» Directions
Below are some records. Return exactly their lines from the one containing "Retro Rodeo Barrel" through the one containing "Geboortekaartje voor een", and drop the pictures.

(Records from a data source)
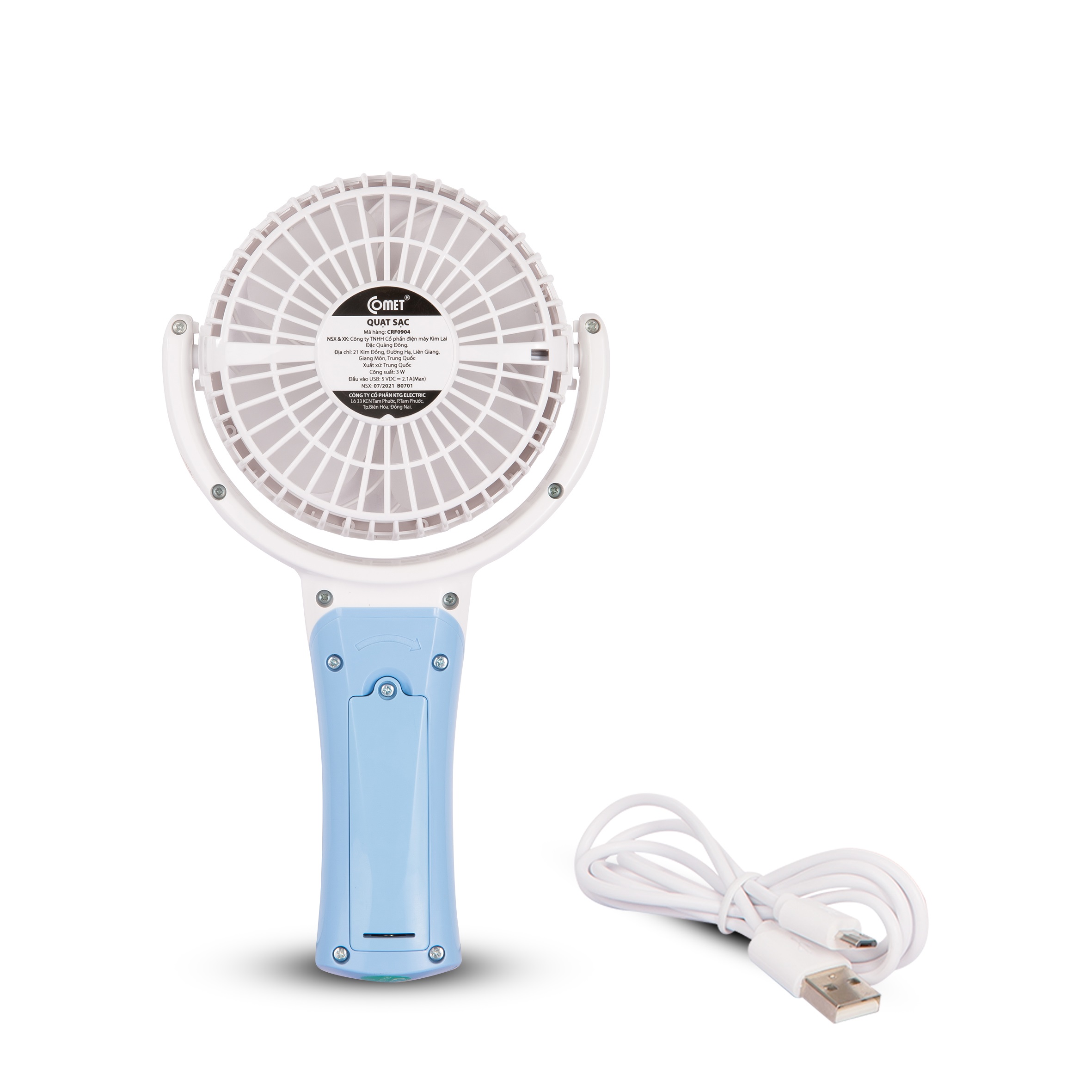 Quạt sạc Comet có cổng sạc bằng đầu USB, dễ dàng sạc lại cho quạt bằng cách cắm trực tiếp cổng sạc USB vào máy tính. Bạn có thể sạc pin cho quạt bằng cục sạc dự phòng của điện thoại ngay khi đi du lịch hoặc sạc cho quạt trực tiếp bằng điện.
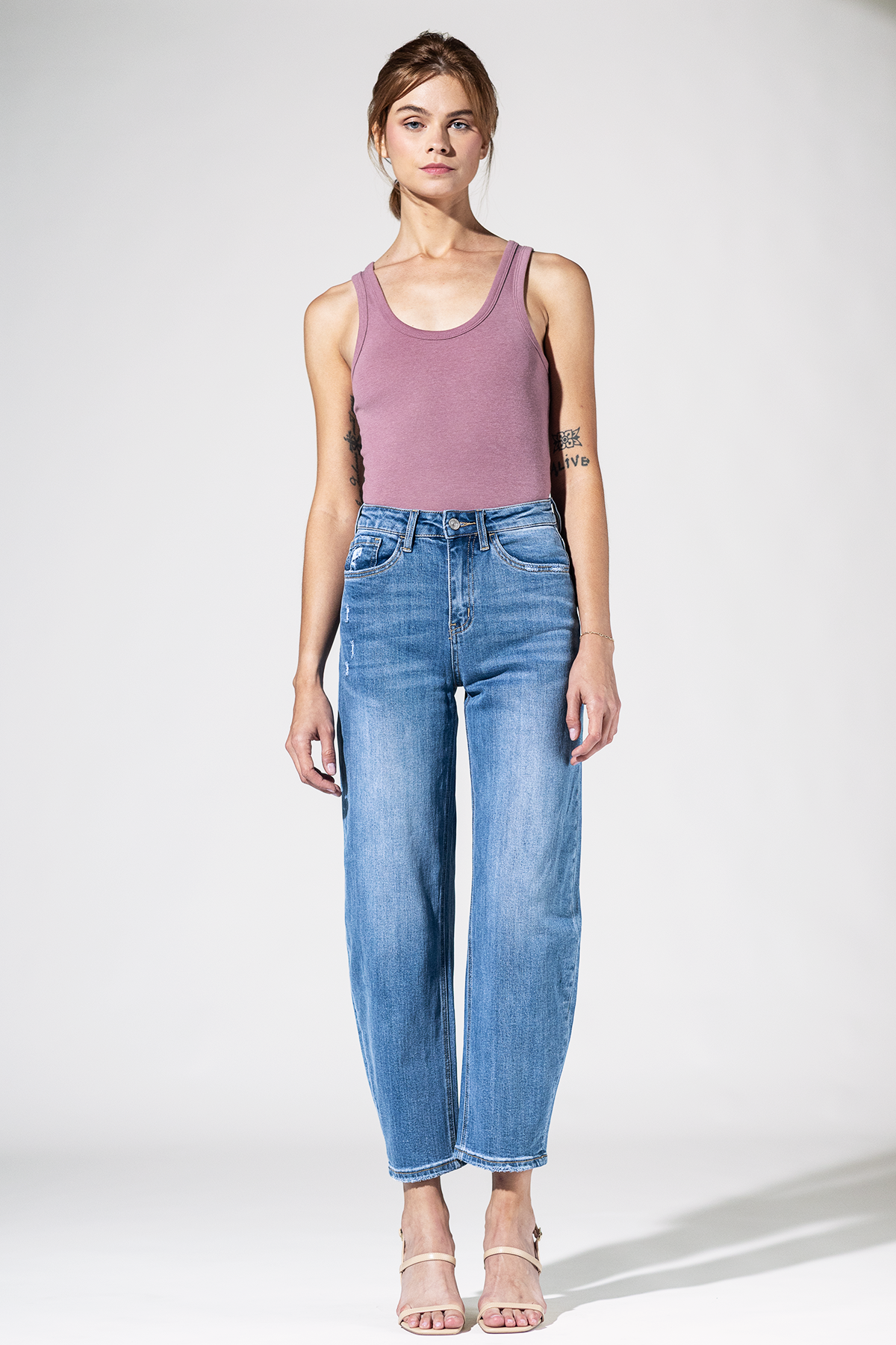Retro Rodeo Barrel Jeans bring a touch of the Southwest with a polished twist. Bold, and camera-ready with a relaxed barrel leg and a worn-in wash. These are the kind of jeans you’d throw on for brunch in Austin or a shoot in the hills.
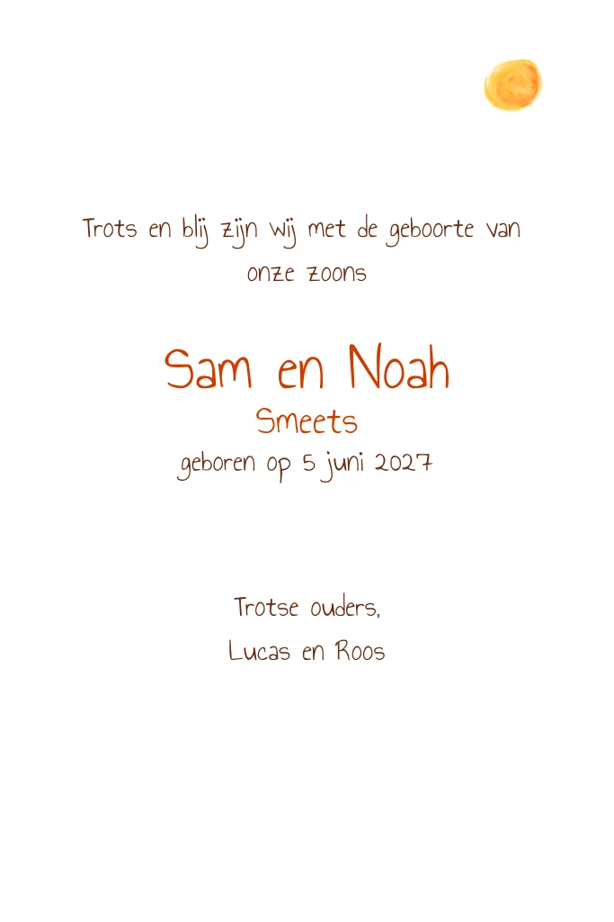 Geboortekaartje voor een tweeling met parade vosjes op een boomstam
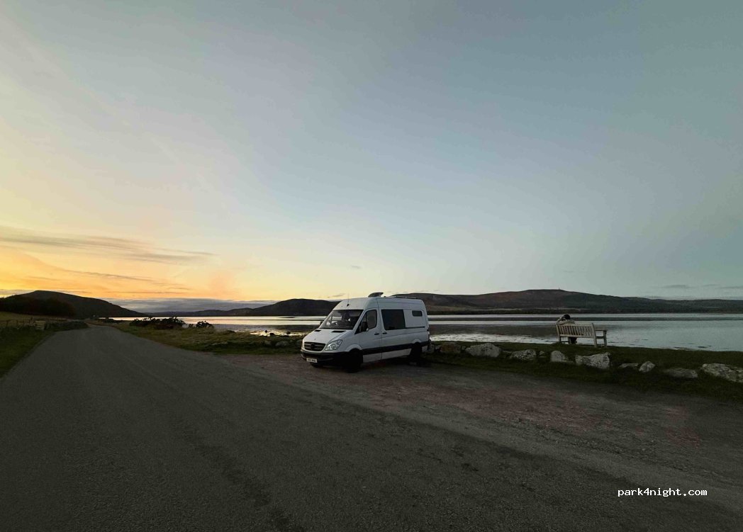 Easy to find, just off A9. Quiet, right on the edge of Loch Fleet and a gorgeous place for spotting seals! No facilities but no prob as we have our own. Make sure you don't park in one of the many passing places (but they are all marked).
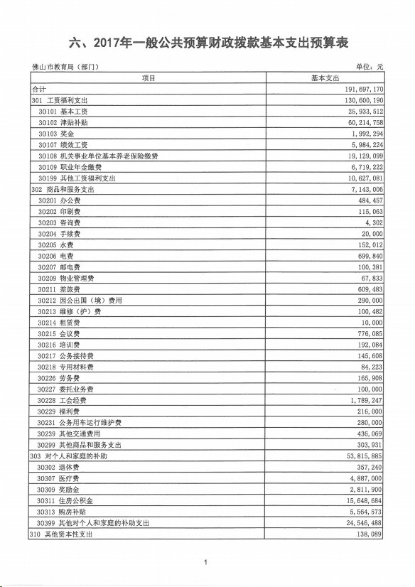 2017 年一般公共预算安排基本支出19,170 万元(详见表六),其中:机关运行经费306万元。
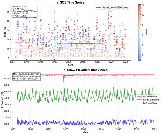 Temporal variations of snow cover extent and elevation characteristics in the Qilian Mountains from 1986–2024. (a) Time series of overall snow cover extent (SCE) showing long-term trends and variability. (b) Time series of snow cover elevation characteristics, where blue represents the minimum elevation with snow presence, red represents the maximum elevation, and green represents the mean elevation of snow pixels.
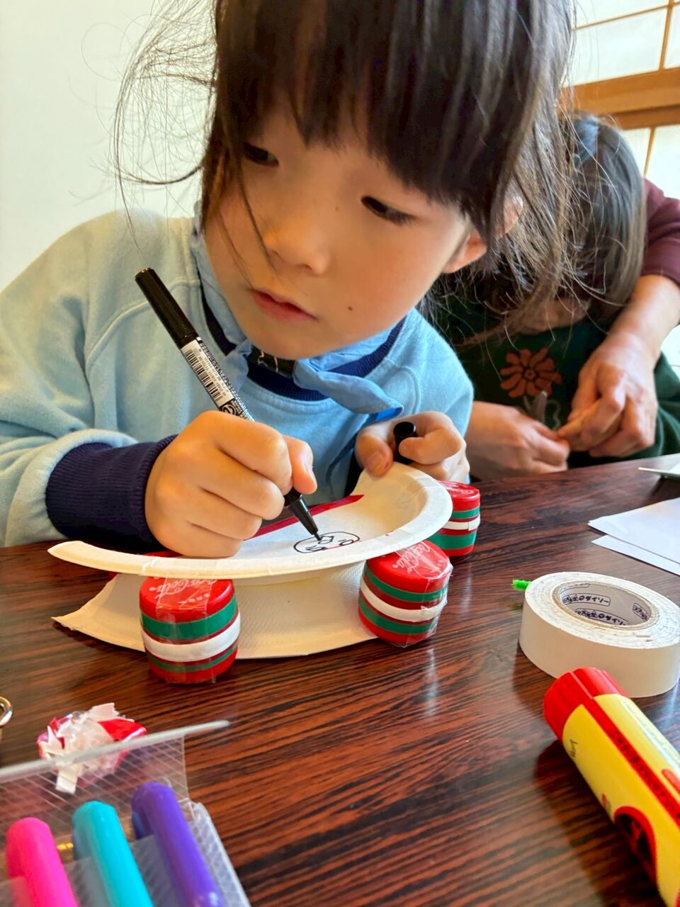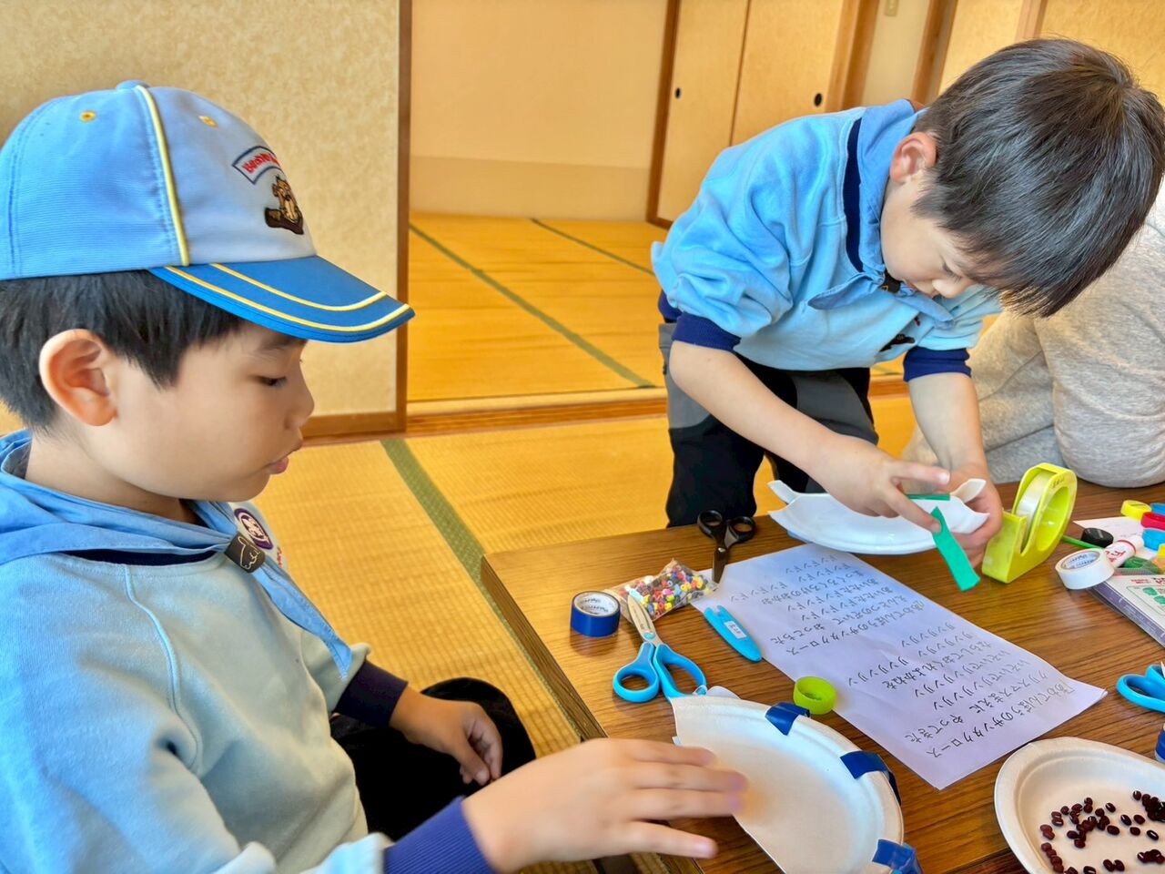 演奏用の楽器を2つ手作りしました。タンブリンは何を中にどれくらい入れたらよいか、スカウトに考えて作ってもらいました。カスタネットとタンブリンそれぞれに絵を描いたり、クリスマスデコレーション!

» Task response
Retro Rodeo Barrel Jeans bring a touch of the Southwest with a polished twist. Bold, and camera-ready with a relaxed barrel leg and a worn-in wash. These are the kind of jeans you’d throw on for brunch in Austin or a shoot in the hills.
 Geboortekaartje voor een tweeling met parade vosjes op een boomstam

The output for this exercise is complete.